Print the records below word for word, but leave out the pictures.

[INPUT FOR THIS TASK — start]

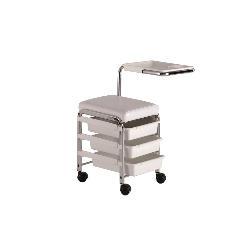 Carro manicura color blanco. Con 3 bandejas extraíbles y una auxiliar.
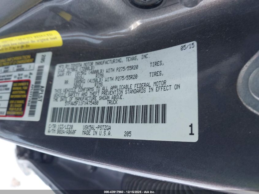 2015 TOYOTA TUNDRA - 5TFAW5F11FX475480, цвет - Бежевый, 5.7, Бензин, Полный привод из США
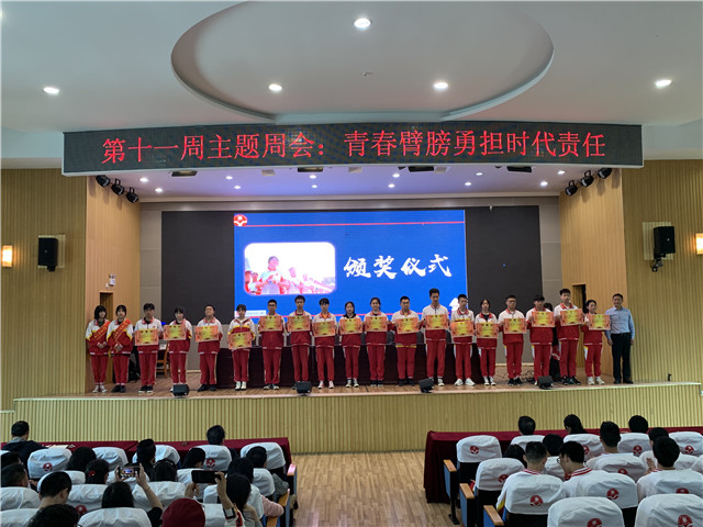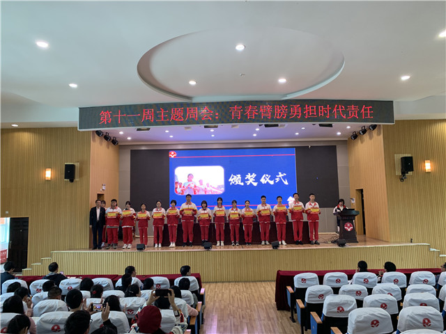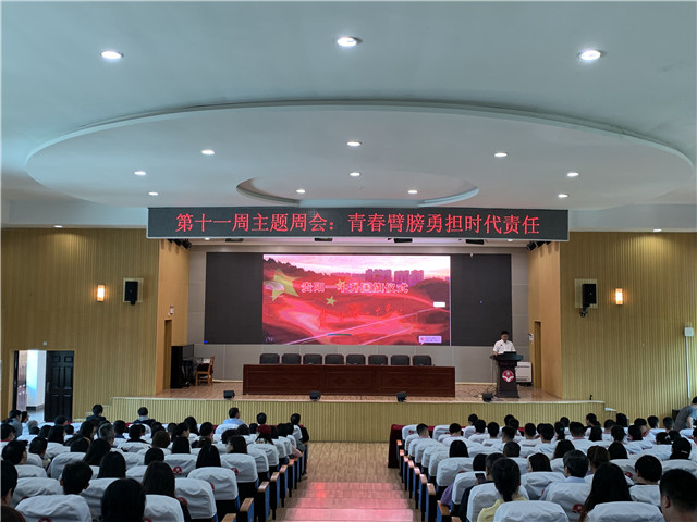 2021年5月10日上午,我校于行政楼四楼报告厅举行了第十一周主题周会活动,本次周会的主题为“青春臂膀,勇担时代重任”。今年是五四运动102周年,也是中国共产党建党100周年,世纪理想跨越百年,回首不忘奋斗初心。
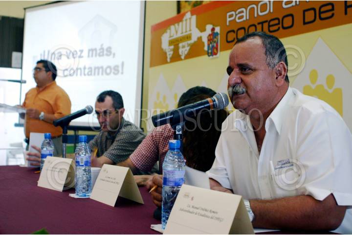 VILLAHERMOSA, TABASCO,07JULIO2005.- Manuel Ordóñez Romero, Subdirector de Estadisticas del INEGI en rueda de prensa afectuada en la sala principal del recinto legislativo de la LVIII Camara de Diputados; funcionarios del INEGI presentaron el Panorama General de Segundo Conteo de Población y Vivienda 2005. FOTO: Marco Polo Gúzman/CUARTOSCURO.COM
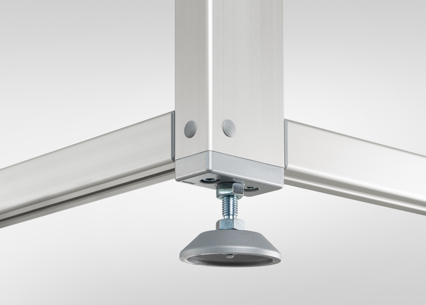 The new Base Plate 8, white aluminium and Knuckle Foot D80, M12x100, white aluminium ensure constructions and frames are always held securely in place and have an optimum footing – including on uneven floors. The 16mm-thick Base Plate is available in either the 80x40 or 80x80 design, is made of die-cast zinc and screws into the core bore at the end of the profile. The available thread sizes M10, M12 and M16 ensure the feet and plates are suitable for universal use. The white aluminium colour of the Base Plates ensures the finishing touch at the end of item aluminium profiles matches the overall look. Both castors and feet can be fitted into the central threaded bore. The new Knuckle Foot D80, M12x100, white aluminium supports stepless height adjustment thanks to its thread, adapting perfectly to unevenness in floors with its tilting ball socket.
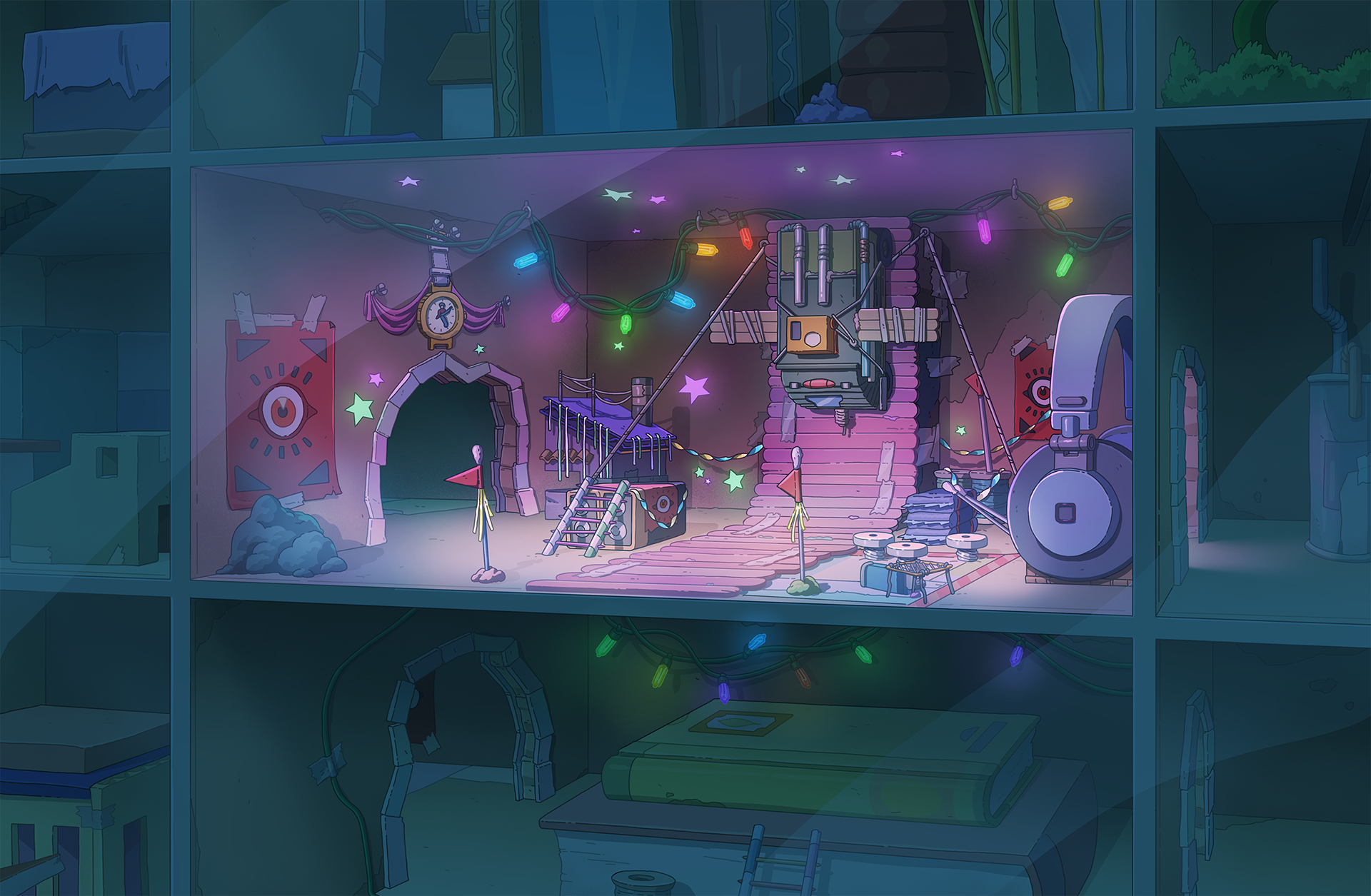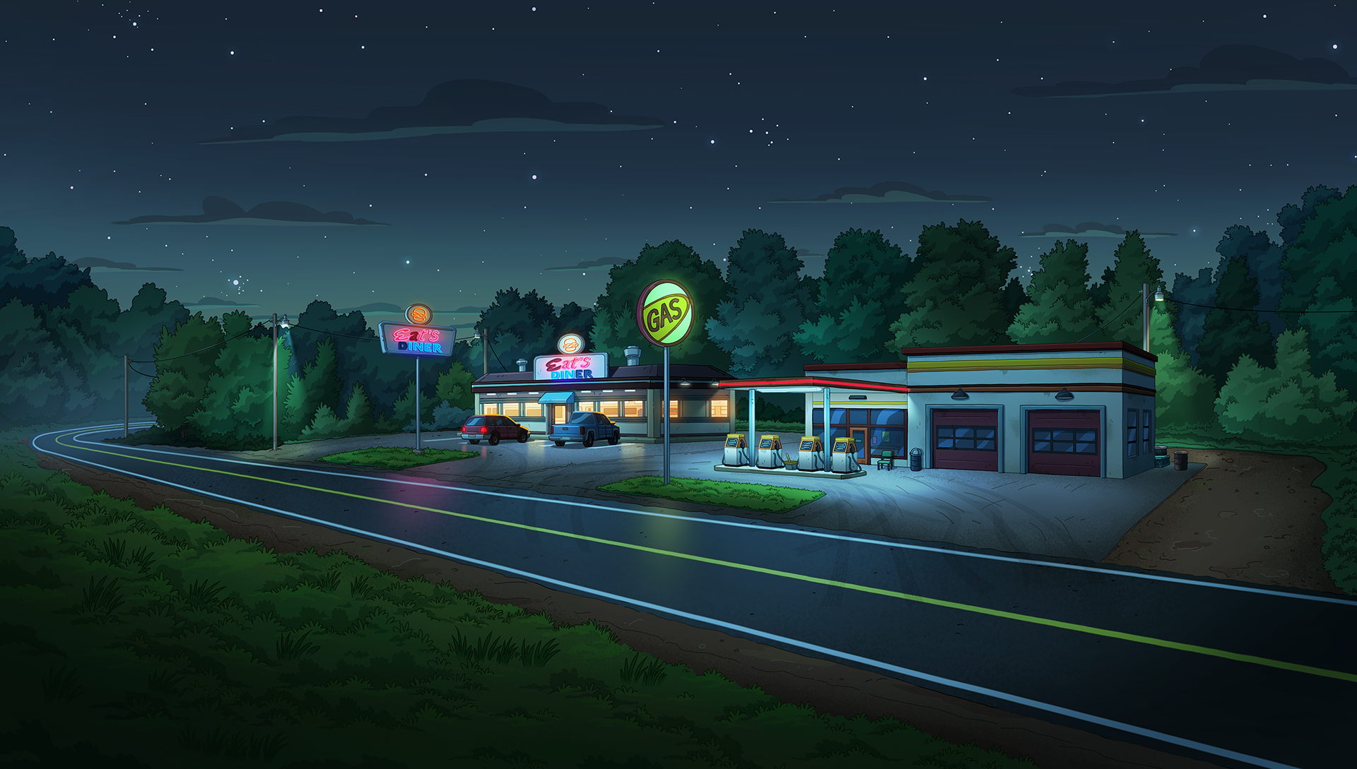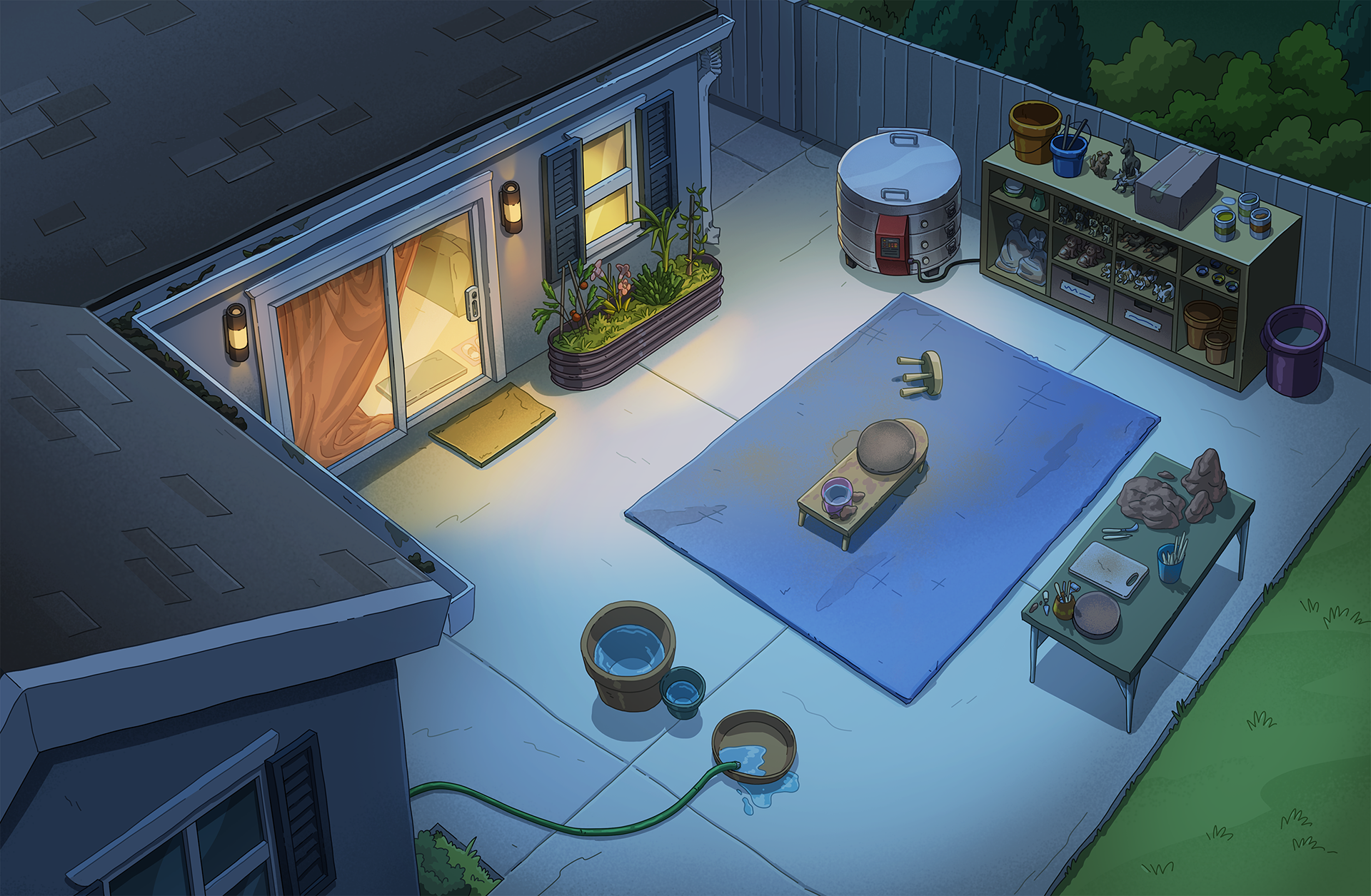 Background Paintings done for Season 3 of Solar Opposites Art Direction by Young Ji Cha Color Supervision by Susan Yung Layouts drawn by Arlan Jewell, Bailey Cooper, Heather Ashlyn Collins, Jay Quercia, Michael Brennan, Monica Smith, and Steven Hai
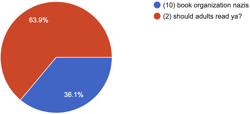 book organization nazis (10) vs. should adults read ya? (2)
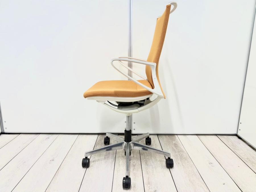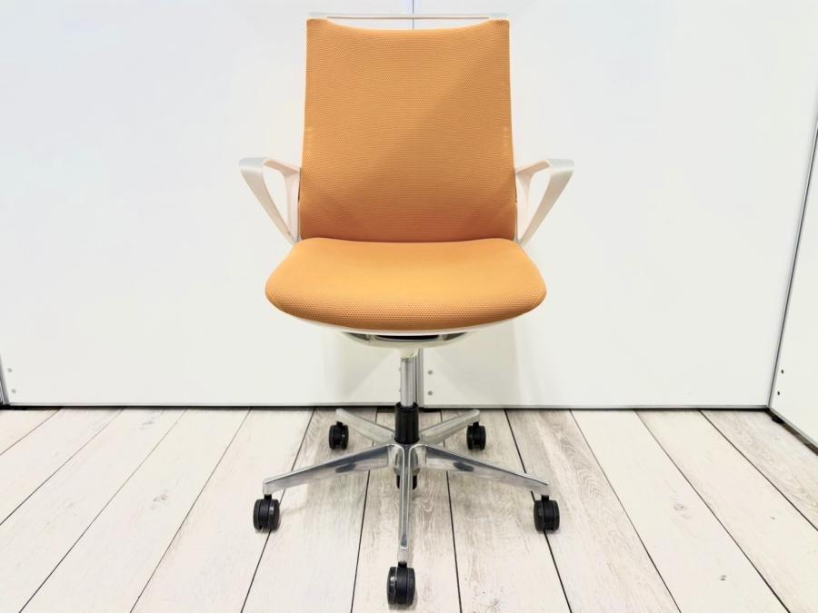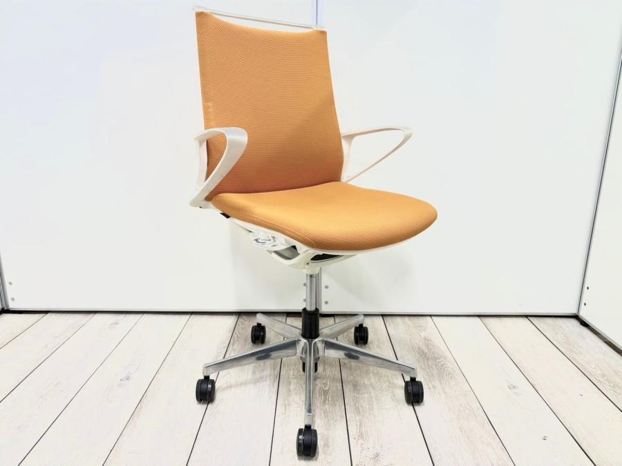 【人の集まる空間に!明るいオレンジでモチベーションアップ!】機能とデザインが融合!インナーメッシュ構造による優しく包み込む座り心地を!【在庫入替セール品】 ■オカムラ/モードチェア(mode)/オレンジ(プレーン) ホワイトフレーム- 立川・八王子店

[INPUT FOR THIS TASK — finish]

_RESPONSE BELOW_
 Carro manicura color blanco. Con 3 bandejas extraíbles y una auxiliar.
 2015 TOYOTA TUNDRA - 5TFAW5F11FX475480, цвет - Бежевый, 5.7, Бензин, Полный привод из США
 2021年5月10日上午,我校于行政楼四楼报告厅举行了第十一周主题周会活动,本次周会的主题为“青春臂膀,勇担时代重任”。今年是五四运动102周年,也是中国共产党建党100周年,世纪理想跨越百年,回首不忘奋斗初心。
 VILLAHERMOSA, TABASCO,07JULIO2005.- Manuel Ordóñez Romero, Subdirector de Estadisticas del INEGI en rueda de prensa afectuada en la sala principal del recinto legislativo de la LVIII Camara de Diputados; funcionarios del INEGI presentaron el Panorama General de Segundo Conteo de Población y Vivienda 2005. FOTO: Marco Polo Gúzman/CUARTOSCURO.COM
 The new Base Plate 8, white aluminium and Knuckle Foot D80, M12x100, white aluminium ensure constructions and frames are always held securely in place and have an optimum footing – including on uneven floors. The 16mm-thick Base Plate is available in either the 80x40 or 80x80 design, is made of die-cast zinc and screws into the core bore at the end of the profile. The available thread sizes M10, M12 and M16 ensure the feet and plates are suitable for universal use. The white aluminium colour of the Base Plates ensures the finishing touch at the end of item aluminium profiles matches the overall look. Both castors and feet can be fitted into the central threaded bore. The new Knuckle Foot D80, M12x100, white aluminium supports stepless height adjustment thanks to its thread, adapting perfectly to unevenness in floors with its tilting ball socket.
 Background Paintings done for Season 3 of Solar Opposites Art Direction by Young Ji Cha Color Supervision by Susan Yung Layouts drawn by Arlan Jewell, Bailey Cooper, Heather Ashlyn Collins, Jay Quercia, Michael Brennan, Monica Smith, and Steven Hai
 book organization nazis (10) vs. should adults read ya? (2)
 【人の集まる空間に!明るいオレンジでモチベーションアップ!】機能とデザインが融合!インナーメッシュ構造による優しく包み込む座り心地を!【在庫入替セール品】 ■オカムラ/モードチェア(mode)/オレンジ(プレーン) ホワイトフレーム- 立川・八王子店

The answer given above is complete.